Je doute fort que les unités russes, de la manière dont elles combattent actuellement, aient un taux de pertes supérieur à 10%. La Russie fait régulièrement tourner ses unités pour leur donner un peu de repos et leur permettre de se reconstituer. C’est une guerre d’artillerie russe classique et l’infanterie n’intervient que lorsque les Ukrainiens sont déjà vaincus.
Si ce broyage permanent se poursuit, les Ukrainiens atteindront bientôt un point de rupture.
• « Pourquoi l’Allemagne a-t-elle été si lente à livrer des armes ? » (Der Spiegel)

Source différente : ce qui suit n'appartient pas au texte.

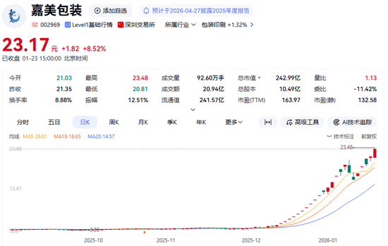 同日,嘉美包装(002969)公告,公司股票(证券简称:嘉美包装,证券代码:002969)自2025年12月17日至2026 年1月23日期间价格涨幅为408.11%,其间多次触及股票交易异常波动情形,公司股票短期内价格涨幅较大,已背离公司基本面,为维护投资者利益,公司将就股票交易波动情况进行停牌核查。 经公司向深圳证券交易所申请,公司股票自2026年1月26日(星期一)开市起停牌,预计停牌时间不超过5个交易日。公司提醒广大投资者注意二级市场交易风险。
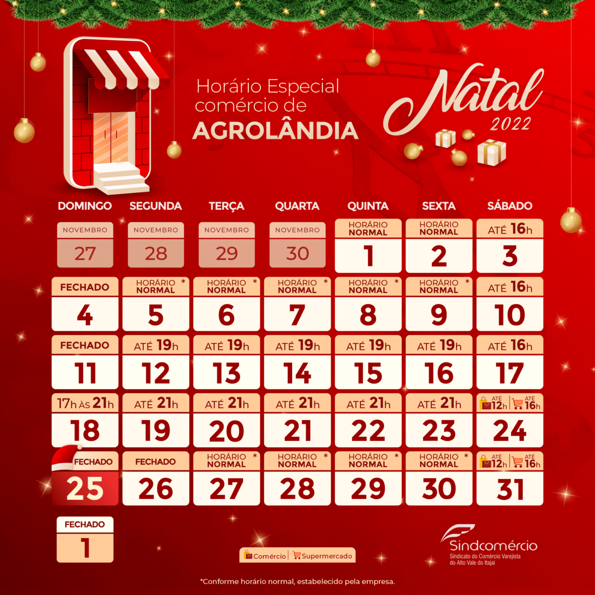 Horário de Natal Agrolândia- SC 2022 26/01/2023 14:26 O Sindicomercio e Sindicato dos empregados firmam documento acerca das informações necessárias para abertura em horário estendido no Período de Natal.

« Le Bundesnachrichtendienst (BND), l’agence allemande de renseignement extérieur, craint que la résistance ukrainienne ne soit même brisée dans les quatre à cinq semaines à venir. Dans un certain nombre de briefings classifiés de ces derniers jours, les analystes du BND ont noté que si les Russes se déplacent beaucoup plus lentement qu’au début de la guerre, ils sont capables de conquérir chaque jour de petits morceaux de territoire. Le BND pense qu’il est possible que les troupes de Poutine puissent contrôler l’ensemble du Donbass d’ici août.
Dans une interview en allemand, le colonel Reisner explique ce que signifierait cette « rupture » de la résistance ukrainienne :
• « Quatre systèmes de roquettes mobiles, c’est purement symbolique » (N-tv)
« Q : Vous avez parlé d’une réaction en chaîne qui pourrait se développer du côté ukrainien.
R : Le danger est qu’une panique générale éclate dans la poche et que les soldats tentent de se replier sur une ligne favorable, plus facile à tenir. Si cela se fait de manière ordonnée, il s’agira d’une ligne à l’est de Sloviansk et de Kramatorsk. Mais si la panique s’installe, cette dernière ligne pourrait être beaucoup plus en retrait, au niveau du Dniepr. »
Ce moment permettrait une « opération en profondeur » russe, dans laquelle un deuxième échelon de troupes russes fraîches pénétrerait profondément à l’arrière de l’armée ukrainienne sur la rive ouest du Dniepr, détruirait les lignes d’approvisionnement ukrainiennes et chasserait la résistance restante.
Certains adultes reconnaissent ce qui se passe.
• « Les appels à la fin du conflit se multiplient alors que la crise russo-ukrainienne atteint son centième jour » (China Daily)
« Jeffrey Sachs, professeur à l’université de Columbia qui a été conseiller de trois secrétaires généraux des Nations unies, a déclaré qu’« il est dans l’intérêt de l’Ukraine de retourner à la table des négociations, ce qu’elle a refusé de faire depuis fin mars. …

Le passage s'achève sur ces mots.